Since the discovery of the first mammalian miRNA in 2000, hundreds of miRNAs have been identified in humans and other species. The sequences of miRNAs are often evolutionarily conserved, consistent with their important functions. The binding of a particular miRNA to its mRNA targets is primarily dependent on a short seven-nucleotide sequence, the seed sequence, at the 5′ end of the miRNA. Different miRNAs contain different seed sequences and thereby recognize and inhibit distinct mRNA targets.

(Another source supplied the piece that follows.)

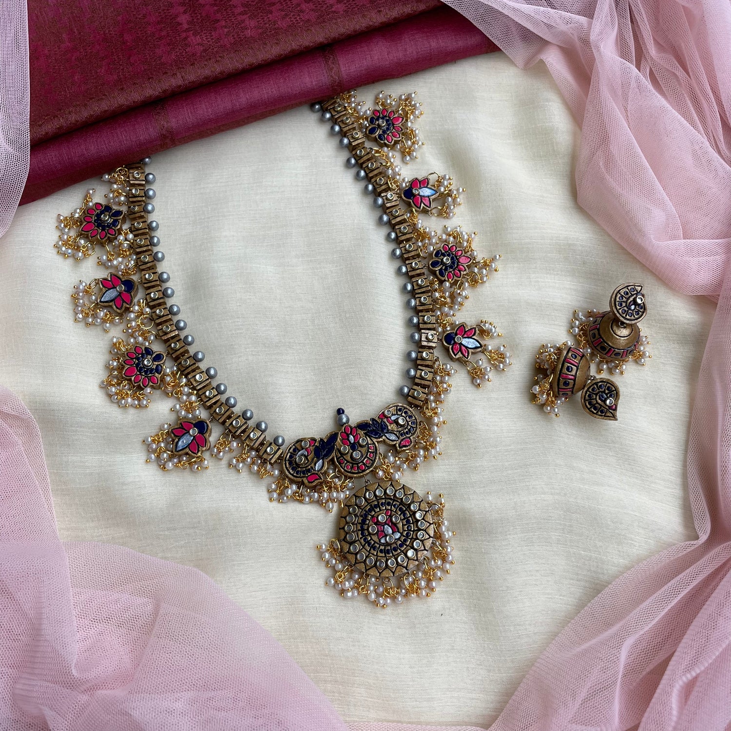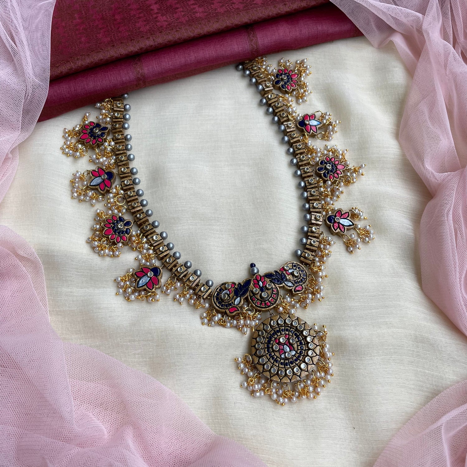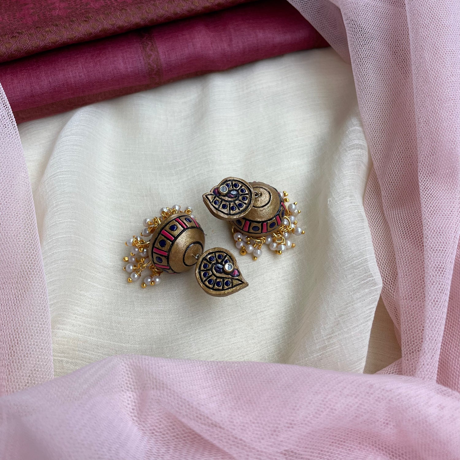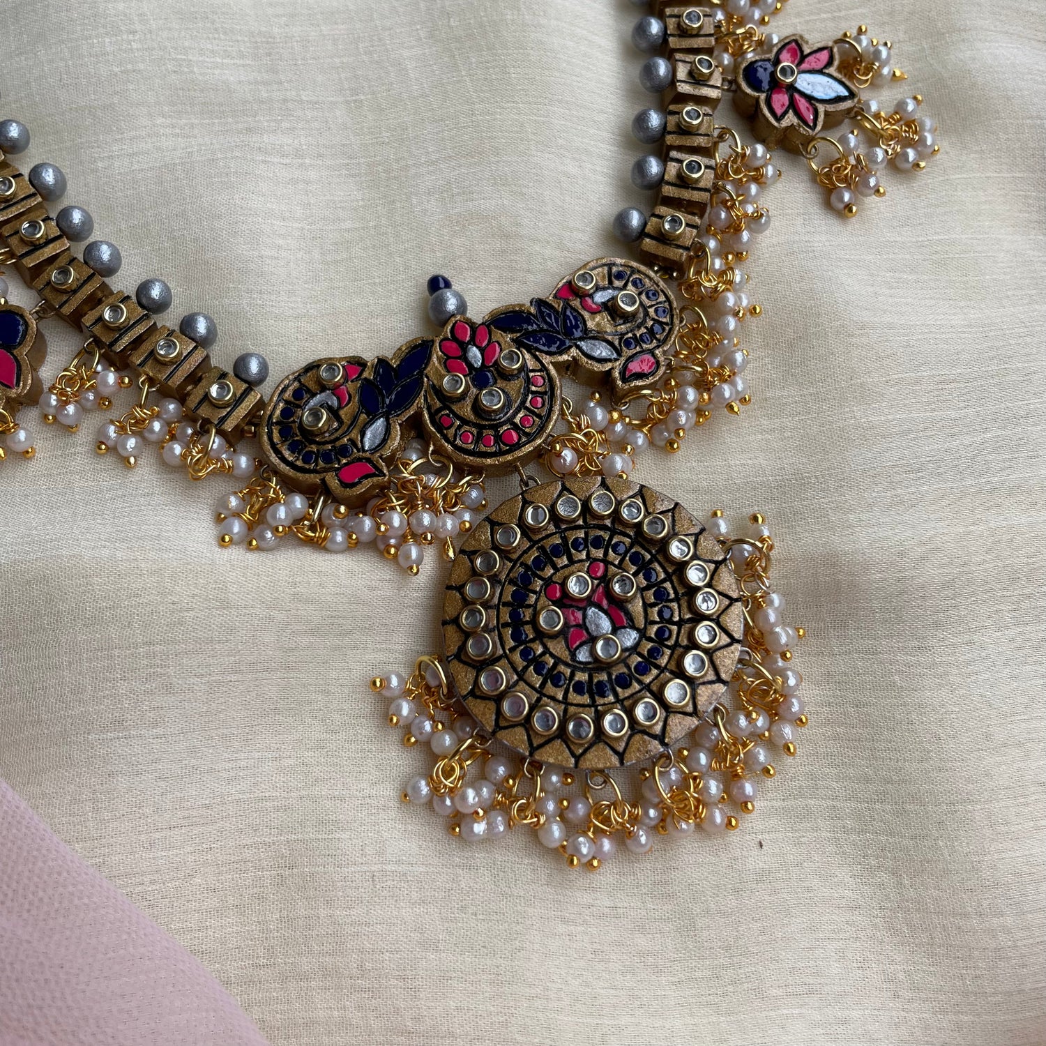 About the Product: This delicate piece of Shika is handcrafted to perfection.Your every moment deserves an elegance and we tune in. Terracotta neckwear with jhumkas in the endless gold shades with kundhan stone and Pearl embellishments.The neckwear comes with adjustable thread for the closure.

Because the seed sequence is relatively short, an individual miRNA can bind many, perhaps hundreds, of different mRNA targets. miRNAs are thought to fine-tune gene expression, and the magnitude of their effects on individual mRNAs is relatively modest, typically less than 2-fold. However, the cumulative effect produced by targeting multiple mRNA targets in the same pathway may produce physiologically significant effects. miRNAs regulate hundreds of genes and, according to some estimates, may regulate more than one third of human genes.
miRNAs play important roles in embryonic development, stem-cell differentiation, cell proliferation, and cell death. Other physiological processes under the control of miRNAs include insulin secretion, the stress response, renin secretion, and lipid metabolism. By fine-tuning mRNA abundance and translation, miRNAs work in concert with gene transcription to maintain the levels of proteins in cells within an optimal range. Dysregulation of miRNAs commonly plays a role in pathological conditions such as cancer, viral infection, diabetes, and Alzheimer disease
Roles of miRNAs in Cardiac Stress Responses
Elevated blood pressure imposes stress on the heart that, if sustained, results in pathological remodeling, leading to cardiac hypertrophy, fibrosis, heart failure, and increased arrhythmias. miRNAs play an important role in the cardiac response to stress, in which cardiac myocytes switch their expression of myosin heavy chains from the normally dominant adult αMHC to βMHC, which is normally weakly expressed (see Table 9-1). Embedded in one of the introns of the αMHC gene is the miRNA called miR-208. Therefore, expression of αMHC results in coexpression of miR-208, which targets a transcriptional corepressor called thyroid hormone receptor–associated protein 1 (THRAP1). Normally, THRAP1 interacts with the thyroid hormone receptor (see pp. 1010–1011) to inhibit transcription of the MYH7 gene, which encodes βMHC. Thus, by reducing THRAP1 expression, miR-208 disinhibits βMHC transcription. Indeed, miR-208 is necessary for expression of the βMHC and cardiac remodeling. Mice lacking miR-208 cannot upregulate βMHC and are protected from pathological remodeling in response to cardiac stress.
Pathological cardiac remodeling also results in increased cardiac fibrosis. The miRNA miR-29 inhibits the expression of collagen and other components of the extracellular matrix. Cardiac stress inhibits miR-29 expression, which results in increased production of extracellular matrix and fibrosis.